Every line from the one with "en Europa. Scholz" to the end of the listing, and nothing else, is to be printed exactly; please leave the pictures out.

* _Source data_:
****************************************
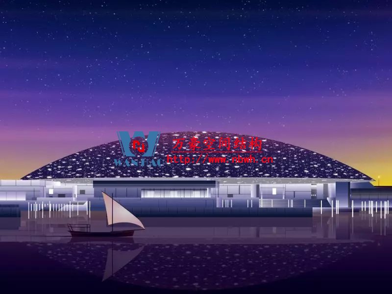 阿布扎比卢浮宫创造的是一个沉静而亲切、充满了光影和映射的空间。直径达180米的巨大圆形穹顶,覆盖了整个建筑主体。穹顶包含了四个不锈钢外层、四个铝制内层,其总重量与巴黎埃菲尔铁塔相同。
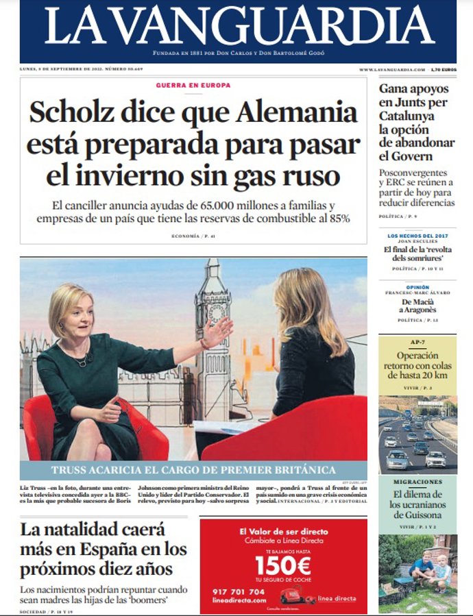LA VANGUARDIA: "Guerra en Europa. Scholz dice que Alemania está preparada para pasar el invierno sin gas ruso"; "Gana apoyos en Junts per Catalunya la opción de abandonar el Govern; "Truss acaricia el cargo de premier británica"; "La natalidad caerá más en España en los próximos diez años".
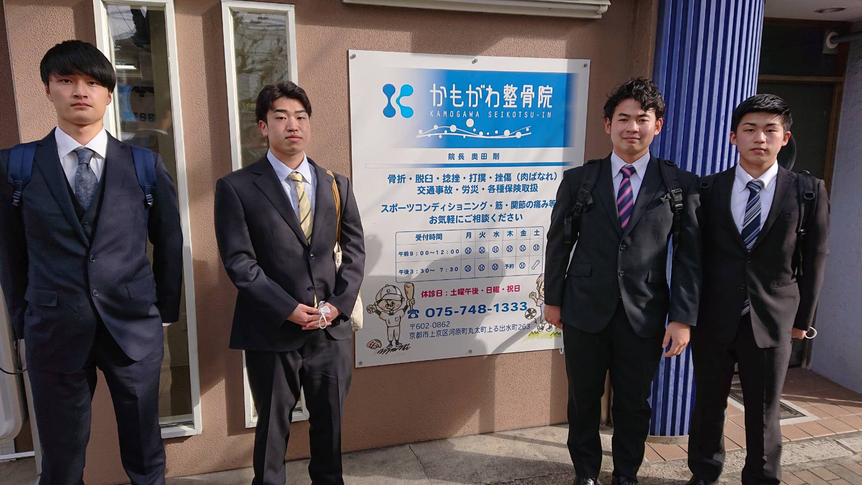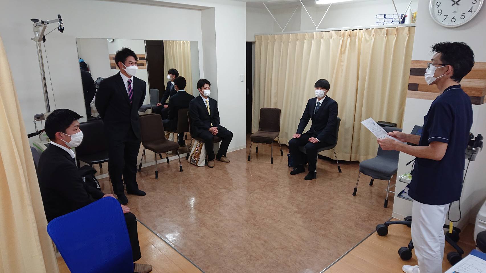 写真にあるのは、京都かもがわ整骨院での実習前現地指導会の様子。
****************************************
* _Exercise solution_:
LA VANGUARDIA: "Guerra en Europa. Scholz dice que Alemania está preparada para pasar el invierno sin gas ruso"; "Gana apoyos en Junts per Catalunya la opción de abandonar el Govern; "Truss acaricia el cargo de premier británica"; "La natalidad caerá más en España en los próximos diez años".
 写真にあるのは、京都かもがわ整骨院での実習前現地指導会の様子。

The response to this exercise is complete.